• **Provided entries**:
^^^^^^^^^^^^^^^^

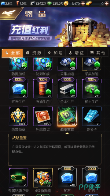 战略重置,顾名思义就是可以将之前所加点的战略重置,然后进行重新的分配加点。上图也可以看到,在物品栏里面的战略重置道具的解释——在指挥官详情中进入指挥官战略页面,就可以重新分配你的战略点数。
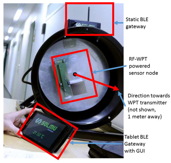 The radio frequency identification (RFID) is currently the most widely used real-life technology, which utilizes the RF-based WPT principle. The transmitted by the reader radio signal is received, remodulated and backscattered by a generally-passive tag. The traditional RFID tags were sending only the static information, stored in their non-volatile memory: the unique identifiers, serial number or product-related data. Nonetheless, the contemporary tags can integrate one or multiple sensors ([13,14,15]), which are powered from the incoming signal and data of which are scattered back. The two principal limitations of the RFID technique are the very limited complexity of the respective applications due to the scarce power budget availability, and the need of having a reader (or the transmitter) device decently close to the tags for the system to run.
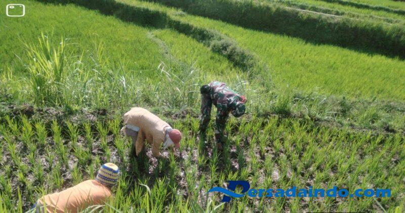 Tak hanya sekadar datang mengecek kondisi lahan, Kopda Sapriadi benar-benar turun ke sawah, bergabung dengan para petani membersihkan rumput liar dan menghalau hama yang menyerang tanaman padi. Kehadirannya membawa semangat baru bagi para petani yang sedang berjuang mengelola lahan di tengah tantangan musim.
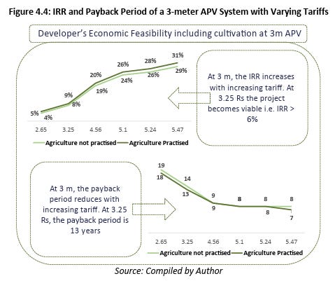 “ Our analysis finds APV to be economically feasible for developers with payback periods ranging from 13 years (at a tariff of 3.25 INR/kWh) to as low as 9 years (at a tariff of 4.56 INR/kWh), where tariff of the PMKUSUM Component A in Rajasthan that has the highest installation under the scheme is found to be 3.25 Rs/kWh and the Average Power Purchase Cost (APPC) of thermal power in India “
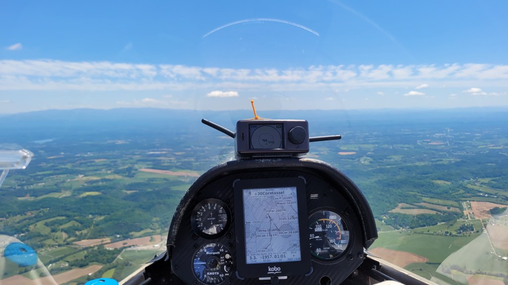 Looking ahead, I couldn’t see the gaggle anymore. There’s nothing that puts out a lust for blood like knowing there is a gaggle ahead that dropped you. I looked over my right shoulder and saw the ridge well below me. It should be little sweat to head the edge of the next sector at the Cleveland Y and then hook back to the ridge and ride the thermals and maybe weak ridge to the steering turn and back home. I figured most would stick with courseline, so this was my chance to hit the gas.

^^^^^^^^^^^^^^^^

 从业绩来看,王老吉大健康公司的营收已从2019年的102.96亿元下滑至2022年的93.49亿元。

^^^^^^^^^^^^^^^^

Output exactly, and only, the lines of the entries above from the one with "战略重置,顾名思义就是可以将" up to and including the one with "Our analysis finds"; pictures are to be left out.

 战略重置,顾名思义就是可以将之前所加点的战略重置,然后进行重新的分配加点。上图也可以看到,在物品栏里面的战略重置道具的解释——在指挥官详情中进入指挥官战略页面,就可以重新分配你的战略点数。
 The radio frequency identification (RFID) is currently the most widely used real-life technology, which utilizes the RF-based WPT principle. The transmitted by the reader radio signal is received, remodulated and backscattered by a generally-passive tag. The traditional RFID tags were sending only the static information, stored in their non-volatile memory: the unique identifiers, serial number or product-related data. Nonetheless, the contemporary tags can integrate one or multiple sensors ([13,14,15]), which are powered from the incoming signal and data of which are scattered back. The two principal limitations of the RFID technique are the very limited complexity of the respective applications due to the scarce power budget availability, and the need of having a reader (or the transmitter) device decently close to the tags for the system to run.
 Tak hanya sekadar datang mengecek kondisi lahan, Kopda Sapriadi benar-benar turun ke sawah, bergabung dengan para petani membersihkan rumput liar dan menghalau hama yang menyerang tanaman padi. Kehadirannya membawa semangat baru bagi para petani yang sedang berjuang mengelola lahan di tengah tantangan musim.
 “ Our analysis finds APV to be economically feasible for developers with payback periods ranging from 13 years (at a tariff of 3.25 INR/kWh) to as low as 9 years (at a tariff of 4.56 INR/kWh), where tariff of the PMKUSUM Component A in Rajasthan that has the highest installation under the scheme is found to be 3.25 Rs/kWh and the Average Power Purchase Cost (APPC) of thermal power in India “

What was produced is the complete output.